§ Task requirements
Using the material below, return exactly the lines between the one holding "1829. FIGUERAS to" and the one holding "茂手木 盛永さんを姓名の画数から五運を鑑定", inclusive, and no others.

=== Extracted material ===

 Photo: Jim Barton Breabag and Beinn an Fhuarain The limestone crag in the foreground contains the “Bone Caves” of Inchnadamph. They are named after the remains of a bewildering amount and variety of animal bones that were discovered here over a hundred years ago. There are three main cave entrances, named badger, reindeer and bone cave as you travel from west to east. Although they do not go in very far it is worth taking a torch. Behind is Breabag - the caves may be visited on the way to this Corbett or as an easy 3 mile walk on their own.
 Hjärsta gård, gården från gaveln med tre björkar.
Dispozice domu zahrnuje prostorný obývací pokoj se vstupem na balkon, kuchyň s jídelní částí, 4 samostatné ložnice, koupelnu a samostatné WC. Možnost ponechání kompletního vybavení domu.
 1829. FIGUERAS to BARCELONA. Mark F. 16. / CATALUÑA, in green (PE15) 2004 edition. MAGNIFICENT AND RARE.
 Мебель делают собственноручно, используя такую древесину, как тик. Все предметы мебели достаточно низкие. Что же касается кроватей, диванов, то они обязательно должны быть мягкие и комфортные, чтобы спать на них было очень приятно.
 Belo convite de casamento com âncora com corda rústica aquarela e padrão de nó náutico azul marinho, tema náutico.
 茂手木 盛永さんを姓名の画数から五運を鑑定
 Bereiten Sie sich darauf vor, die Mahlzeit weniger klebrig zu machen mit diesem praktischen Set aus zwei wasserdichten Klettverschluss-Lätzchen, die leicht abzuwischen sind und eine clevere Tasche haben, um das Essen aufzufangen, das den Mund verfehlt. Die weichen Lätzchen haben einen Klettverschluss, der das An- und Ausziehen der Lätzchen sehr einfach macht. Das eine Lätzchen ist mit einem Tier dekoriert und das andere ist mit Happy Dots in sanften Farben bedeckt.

===

§ Written solution
 1829. FIGUERAS to BARCELONA. Mark F. 16. / CATALUÑA, in green (PE15) 2004 edition. MAGNIFICENT AND RARE.
 Мебель делают собственноручно, используя такую древесину, как тик. Все предметы мебели достаточно низкие. Что же касается кроватей, диванов, то они обязательно должны быть мягкие и комфортные, чтобы спать на них было очень приятно.
 Belo convite de casamento com âncora com corda rústica aquarela e padrão de nó náutico azul marinho, tema náutico.
 茂手木 盛永さんを姓名の画数から五運を鑑定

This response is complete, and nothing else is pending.